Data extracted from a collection
========
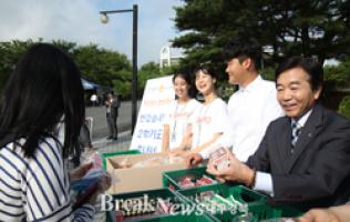 | ▲ 등교하는 재학생 500여명에게 ACE대학 홍보물과 빵, 유유를 나눠주며 격려하는 이계영 동국대 경주캠퍼스 총장 모습 © 동국대 경주캠퍼스 제공 |
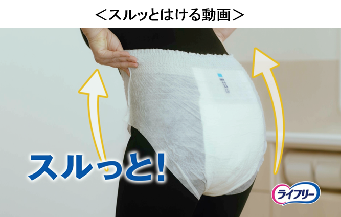 ・しめつけ感の軽減により、より軽い力で紙パンツを引き上げ下げでき、スムーズな着脱が可能です。
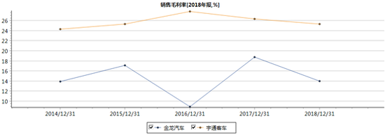 同为国内客车生产龙头企业,金龙汽车在2018年以61927辆的销量,反超宇通客车60868辆的销量,成为国内客车销售冠军。不过,常年以来两家公司盈利能力的差距却没有改观。
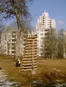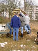 Fundamente. Und steht's grade? Nö, also wieder raus aus den
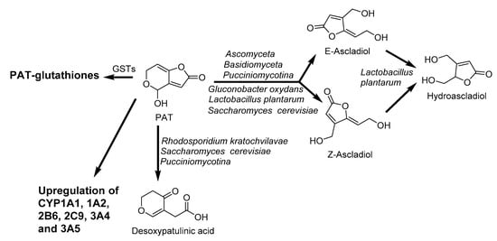 PAT induces the upregulation of PXR and AhR accompanied by the enhancement of CYP1A1, CYP1A2, CYP2B6, CYP2C9, CYP 3A4, and CYP3A5 expression [130]. Moreover, PAT reacts with intracellular glutathione in gastrointestinal mucosa cells [182,183]. The extracellular enzymes of Lactobacillus casei YZU01 induced by PAT mainly degrades PAT, and the cell wall of this bacteria can also absorb a small amount of PAT [184]. Similarly, the degradation of PAT was observed by Saccharomyces cerevisiae during cider fermentation into E-ascladiol and Z-ascladiol (Figure 12), which are not toxic to human [185]. The biotransformation of PAT in humans and animals is not well understood and remains to be established.
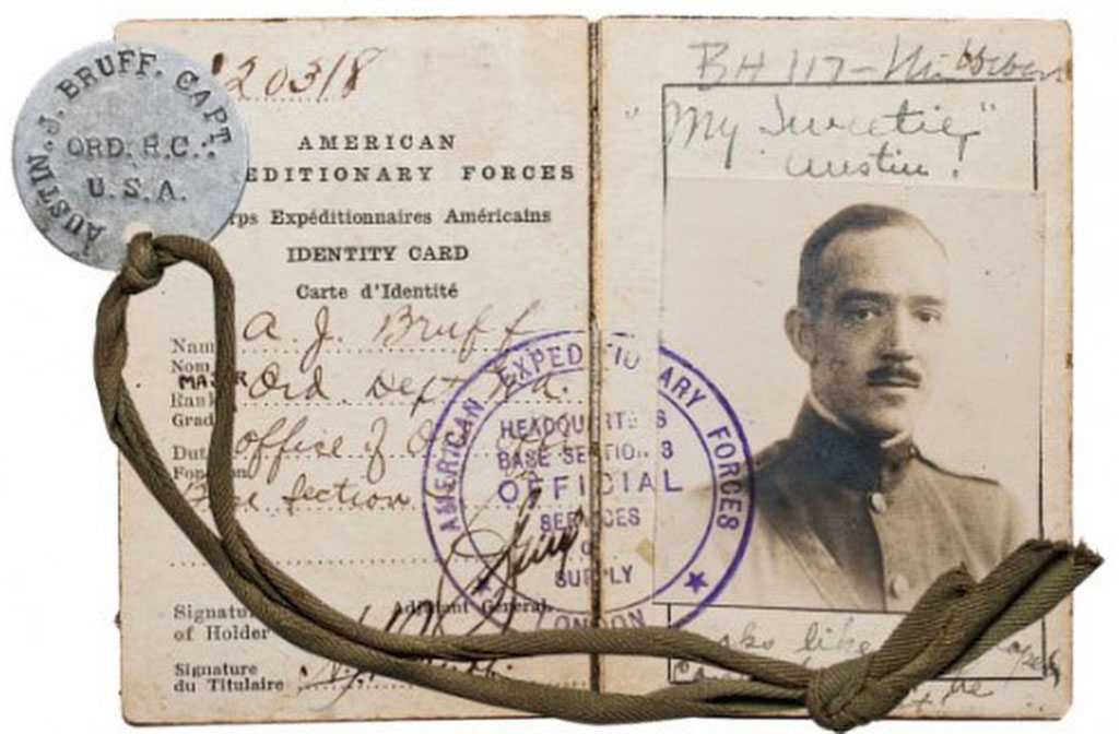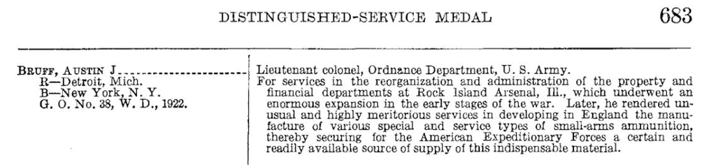 Young Austin attended the best schools, graduating from Phillips Andover Academy at Andover, Massachusetts in 1899 and from Yale University in 1902. Following his graduation, he accepted a position for a short time as a clerk at Colt’s Patent Fire Arms Manufacturing Company in Hartford, Connecticut. In 1904, he moved to Bridgeport and accepted a position as a clerk at the Union Metallic Cartridge Company. Following the entry of the US into WWI, Bruff answered his nation’s call and enlisted in the U.S. Army where he attained the rank of Colonel serving in France as an Aid to General John J. Pershing.
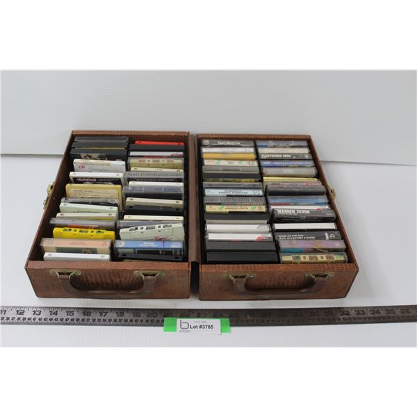 50+ Cassette Tapes in Holder w/Handles: Kiss, Nazareth, Fleetwood Mac, Misc.
========
**Required work:** The answer should contain only the lines from the start of the records above through the line with "Fundamente. Und steht's", copied exactly, and no pictures.

**Exercise result:**
 | ▲ 등교하는 재학생 500여명에게 ACE대학 홍보물과 빵, 유유를 나눠주며 격려하는 이계영 동국대 경주캠퍼스 총장 모습 © 동국대 경주캠퍼스 제공 |
 ・しめつけ感の軽減により、より軽い力で紙パンツを引き上げ下げでき、スムーズな着脱が可能です。
 同为国内客车生产龙头企业,金龙汽车在2018年以61927辆的销量,反超宇通客车60868辆的销量,成为国内客车销售冠军。不过,常年以来两家公司盈利能力的差距却没有改观。
 Fundamente. Und steht's grade? Nö, also wieder raus aus den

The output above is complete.